Are you sure that we cover everything inside the reduction with kernel profiler? If yes, may be there is an issue with threading tasks times, I can check it

Yes, everything inside the threading task is profiled already, and the 'delete' call, if profiled, amounts to a small amount of time.

Can you may be do a tricky experiment with set_num_threads(1)? Will it be the same picture or no?

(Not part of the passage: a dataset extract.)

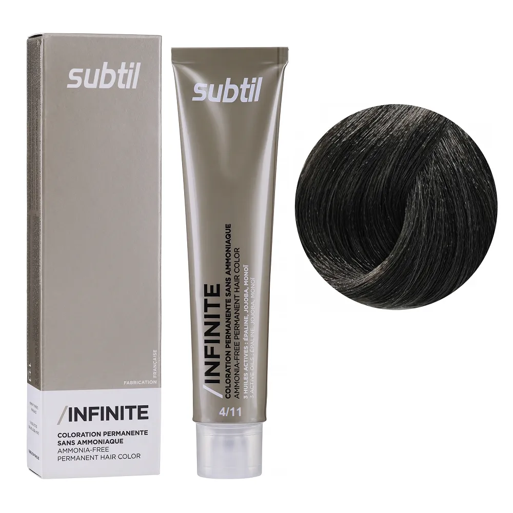 Subtil Infinite - фарба без вмісту аміаку нового покоління, що містить щонайменше 78% інгредієнтів природного походження та трилогію дорогоцінних олій: жожоба, моної, кукурудзяної. Забезпечує 100% зафарбовування сивини, супер блиск та супер стійкість. Безаміачна фарба додає волоссю стійкий і насичений колір, при цьому не ушкоджує і не висушує його. Олії, що входять до складу зволожують і ущільнюють волосся, роблять його блискучим і шовковистим. Щадна формула підходить навіть власницям чутливої шкіри голови. Так само фарба здатна освітлити волосся до трьох рівнів, що є революцією в світі безаміачних фарб. Розкішний колір, гладкість і здоровий блиск без шкоди для волосся. Застосування: 4/11 шатен інтенсивний попелястий Безаміачна стійка крем-фарба для волосся, 60 мл Permanent Hair Color INFINITE SUBTILL Крем-фарбу потрібно наносити на брудне сухе волосся. Фарбу слід змивати ретельно до повної прозорості води. Час витримки: 4/11 шатен інтенсивний попелястий Безаміачна стійка крем-фарба для волосся, 60 мл Permanent Hair Color INFINITE SUBTIL Витримати на волоссі від 30 до 35 хвилин, при наявності сивого волосся час впливу можна збільшити на 10 хвилин. Застосовувати фарбу слід, суворо дотримуючись інструкції, яка додається до кожної упаковки.Безаміачна стійка крем-фарба для волосся Permanent Hair Color INFINITE SUBTIL

If I set it to a single thread with numactl --physbind <number>, then it still shows some gap:

Algorithm tree analyzer
|-- computeUpdate time: 918.48ms 94.68% 1 times in a sequential region
|  |-- update.syrkX time: 6.10ms 0.63% 157 times in a parallel region
|  |-- update.gemm1X time: 124.40us 0.01% 157 times in a parallel region
|  |-- update.gemmXY time: 8.22ms 0.85% 157 times in a parallel region
|  |-- update.gemm1Y time: 33.87us 0.00% 157 times in a parallel region
|  |-- reduction time: 4.64ms 0.48% 1 times in a sequential region
|  |  |-- reduce.syrkX time: 4.46ms 0.46% 1 times in a parallel region
|  |  |-- reduce.gemmXY time: 13.04us 0.00% 1 times in a parallel region
|  |  |-- reduction.delete time: 167.01us 0.02% 1 times in a parallel region
|-- computeFinalize time: 51.66ms 5.32% 1 times in a sequential region
|  |-- computeFinalize.betaBufCopy time: 4.74us 0.00% 1 times in a sequential region
|  |-- computeFinalize.xtxCopy time: 6.55ms 0.68% 1 times in a sequential region
|  |-- computeFinalize.computeBetasImpl time: 44.98ms 4.64% 1 times in a sequential region
|  |  |-- solveSymmetricEquationsSystem time: 44.96ms 4.63% 1 times in a sequential region
|  |  |  |-- solveEquationsSystemWithCholesky time: 36.99ms 3.81% 1 times in a sequential region
|  |-- computeFinalize.copyBetaToResult time: 5.81us 0.00% 1 times in a sequential region
|--(end)
DAAL KERNEL_PROFILER: kernels total time 970.14ms

If I pass n_jobs=1, then the times more or less agree:

Algorithm tree analyzer
|-- computeUpdate time: 946.55ms 94.70% 1 times in a sequential region
|  |-- update.syrkX time: 6.11ms 0.61% 157 times in a parallel region
|  |-- update.gemm1X time: 122.16us 0.01% 157 times in a parallel region
|  |-- update.gemmXY time: 34.14ms 3.42% 157 times in a parallel region
|  |-- update.gemm1Y time: 32.65us 0.00% 157 times in a parallel region
|  |-- reduction time: 4.71ms 0.47% 1 times in a sequential region
|  |  |-- reduce.syrkX time: 4.53ms 0.45% 1 times in a parallel region
|  |  |-- reduce.gemmXY time: 10.18us 0.00% 1 times in a parallel region
|  |  |-- reduction.delete time: 171.92us 0.02% 1 times in a parallel region
|-- computeFinalize time: 52.97ms 5.30% 1 times in a sequential region
|  |-- computeFinalize.betaBufCopy time: 4.77us 0.00% 1 times in a sequential region
|  |-- computeFinalize.xtxCopy time: 6.70ms 0.67% 1 times in a sequential region
|  |-- computeFinalize.computeBetasImpl time: 46.15ms 4.62% 1 times in a sequential region
|  |  |-- solveSymmetricEquationsSystem time: 46.14ms 4.62% 1 times in a sequential region
|  |  |  |-- solveEquationsSystemWithCholesky time: 38.30ms 3.83% 1 times in a sequential region
|  |-- computeFinalize.copyBetaToResult time: 6.08us 0.00% 1 times in a sequential region
|--(end)
DAAL KERNEL_PROFILER: kernels total time 999.52ms

But I'm not sure what the percentages are showing in such case. Are those percentages always meant to apply to the top entry?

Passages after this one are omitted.